## MATERIAL FOR THIS EXERCISE
Content starts

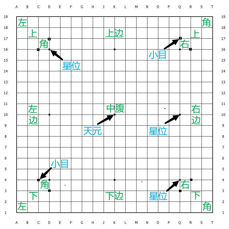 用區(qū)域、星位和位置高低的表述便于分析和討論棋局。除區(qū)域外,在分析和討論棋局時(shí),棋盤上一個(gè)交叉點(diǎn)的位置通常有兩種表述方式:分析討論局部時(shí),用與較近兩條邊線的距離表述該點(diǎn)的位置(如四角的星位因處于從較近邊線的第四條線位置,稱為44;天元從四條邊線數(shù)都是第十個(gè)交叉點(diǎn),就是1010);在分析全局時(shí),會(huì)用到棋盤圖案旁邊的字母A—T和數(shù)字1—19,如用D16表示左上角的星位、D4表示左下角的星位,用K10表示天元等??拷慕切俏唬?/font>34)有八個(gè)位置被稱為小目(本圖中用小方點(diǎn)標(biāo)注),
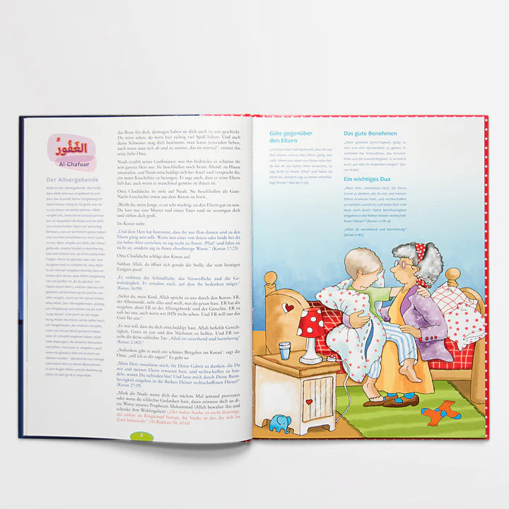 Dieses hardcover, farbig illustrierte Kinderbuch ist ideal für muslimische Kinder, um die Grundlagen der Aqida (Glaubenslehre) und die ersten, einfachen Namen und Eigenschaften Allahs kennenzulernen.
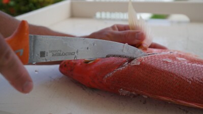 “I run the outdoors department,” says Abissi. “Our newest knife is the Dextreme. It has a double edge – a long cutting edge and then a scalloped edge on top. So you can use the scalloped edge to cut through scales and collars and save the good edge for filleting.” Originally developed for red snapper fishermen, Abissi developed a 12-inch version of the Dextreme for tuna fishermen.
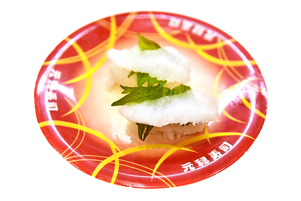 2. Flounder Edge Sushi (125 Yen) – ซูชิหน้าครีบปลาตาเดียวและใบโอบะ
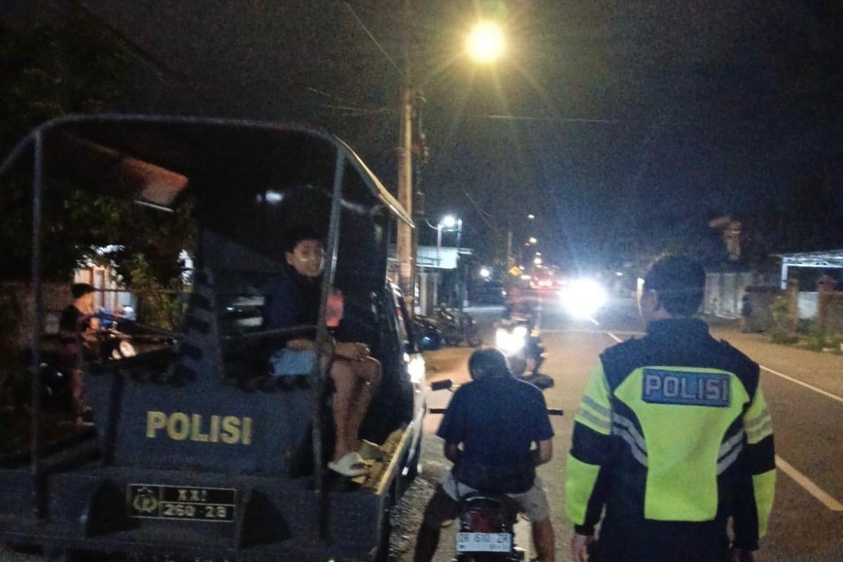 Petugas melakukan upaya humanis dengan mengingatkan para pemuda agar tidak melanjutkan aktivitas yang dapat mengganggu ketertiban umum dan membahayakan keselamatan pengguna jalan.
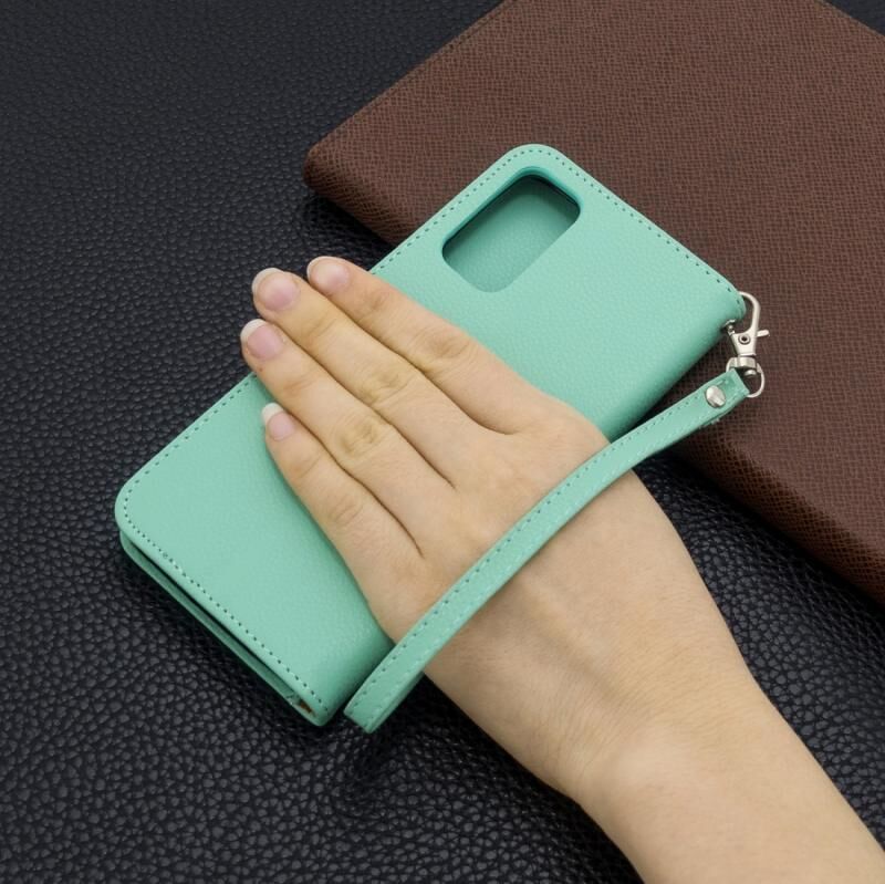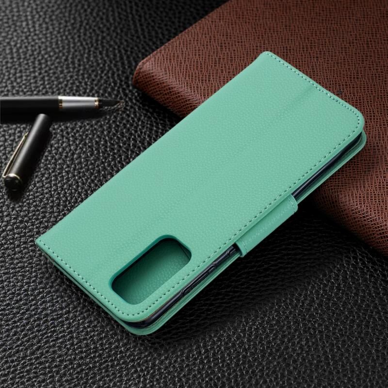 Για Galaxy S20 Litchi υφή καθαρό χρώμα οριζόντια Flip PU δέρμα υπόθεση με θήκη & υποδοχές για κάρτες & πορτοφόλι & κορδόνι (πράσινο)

Content ends

## WORK INSTRUCTIONS
The answer must restate each entry word for word and contain no images.

## YOUR RESPONSE
 用區(qū)域、星位和位置高低的表述便于分析和討論棋局。除區(qū)域外,在分析和討論棋局時(shí),棋盤上一個(gè)交叉點(diǎn)的位置通常有兩種表述方式:分析討論局部時(shí),用與較近兩條邊線的距離表述該點(diǎn)的位置(如四角的星位因處于從較近邊線的第四條線位置,稱為44;天元從四條邊線數(shù)都是第十個(gè)交叉點(diǎn),就是1010);在分析全局時(shí),會(huì)用到棋盤圖案旁邊的字母A—T和數(shù)字1—19,如用D16表示左上角的星位、D4表示左下角的星位,用K10表示天元等??拷慕切俏唬?/font>34)有八個(gè)位置被稱為小目(本圖中用小方點(diǎn)標(biāo)注),
 Dieses hardcover, farbig illustrierte Kinderbuch ist ideal für muslimische Kinder, um die Grundlagen der Aqida (Glaubenslehre) und die ersten, einfachen Namen und Eigenschaften Allahs kennenzulernen.
 “I run the outdoors department,” says Abissi. “Our newest knife is the Dextreme. It has a double edge – a long cutting edge and then a scalloped edge on top. So you can use the scalloped edge to cut through scales and collars and save the good edge for filleting.” Originally developed for red snapper fishermen, Abissi developed a 12-inch version of the Dextreme for tuna fishermen.
 2. Flounder Edge Sushi (125 Yen) – ซูชิหน้าครีบปลาตาเดียวและใบโอบะ
 Petugas melakukan upaya humanis dengan mengingatkan para pemuda agar tidak melanjutkan aktivitas yang dapat mengganggu ketertiban umum dan membahayakan keselamatan pengguna jalan.
 Για Galaxy S20 Litchi υφή καθαρό χρώμα οριζόντια Flip PU δέρμα υπόθεση με θήκη & υποδοχές για κάρτες & πορτοφόλι & κορδόνι (πράσινο)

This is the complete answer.